The procedures and regulations followed in the instant case were fatally deficient. Notwithstanding Drayton's request to have Ms. Resnik function as counsel and his claim that he had not used amphetamines, the examiners refused to allow such representation or permit appellee to call any witnesses in his defense, even though it appears that some of them would not in any way have adversely affected institutional safety. Although the examiners provided a written statement of the evidence relied on and the reason for rescinding parole, the substance of the statement reveals that the examiners made no attempt to determine the facts; the “Hearing Summary,” in fact, refused “to look behind,” see note 8 supra, the IDC findings. We therefore reverse the judgment and remand the case for a further conditional grant of parole in the absence of a parole rescission hearing conducted under the rules above prescribed within thirty days after the district court’s order thereon.

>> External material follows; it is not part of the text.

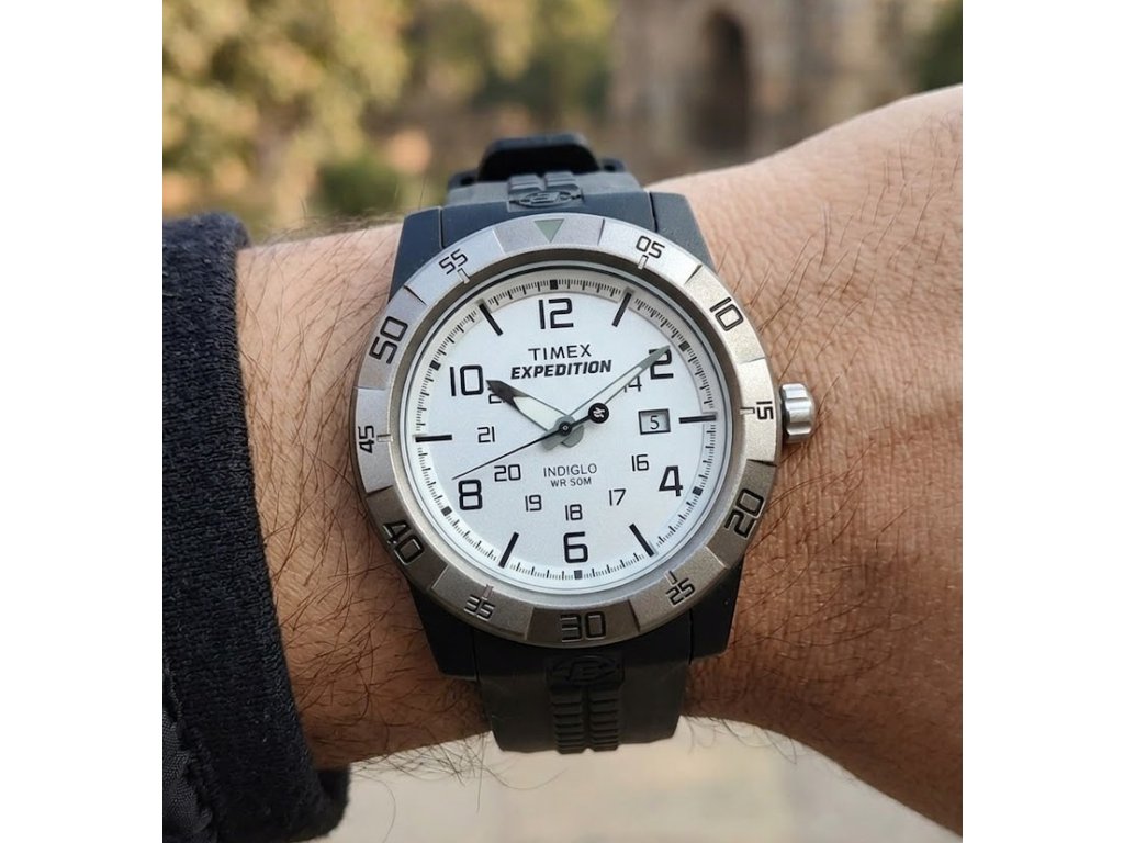 Odolné outdoorové hodinky Timex Expedition T49864 v klasickém vzhledu s praktickými funkcemi. Nabízejí legendární podsvícení Indiglo, luminiscenční ručičky a vodotěsnost 5 ATM, což z nich dělá ideálního parťáka pro každé dobrodružství.

Judgment in accordance with opinion; no costs.
. The Commission’s notice of action stated: “Reasons: On October 28, 1977, the institutional discipline committee forfeited twenty-five days statutory good time for possession . or use of . narcotics . . .”
. 28 C.F.R. § 2.28 provides in part:
§ 2.28 Reopening of cases.
Notwithstanding the appeal procedure of § 2.25 and § 2.26, the appropriate Regional Commissioner may, on his own motion, reopen a case at any time upon the receipt of new information of substantial significance and may then take any action authorized under the provisions and procedures of § 2.25. . . .
. 28 C.F.R. § 2.34 provides in part:
(a) When an effective date of parole or mandatory parole has been set by the Commission, release'on that date shall be conditioned upon continued good conduct by the prisoner. If a prisoner has been granted parole and has subsequently been charged with institutional misconduct sufficient to become a matter of record, the Regional Commissioner shall be advised promptly of such misconduct. The prisoner shall not be released until the institution has been notified that no change has been made in the Commissioner’s order to parole.
(1) Upon receipt of information that a prisoner has violated the rules of the institution, the Regional Commissioner may retard the parole grant for up to sixty days without a hearing or may retard the parole grant and schedule the case for a rescission hearing. If the prisoner was confined in a Federal prison at the time of the order retarding parole, the rescission hearing shall be scheduled for the next docket of parole hearings at the institution. . . . When the prisoner is given written notice of the Commission action retarding parole, he shall be given notice of the charges of misconduct to be considered at the rescission hearing. The purpose of the rescission hearing shall be to determine whether rescission of the parole grant is warranted. At the rescission hearing the prisoner may be represented by a person of his choice and many present documentary evidence.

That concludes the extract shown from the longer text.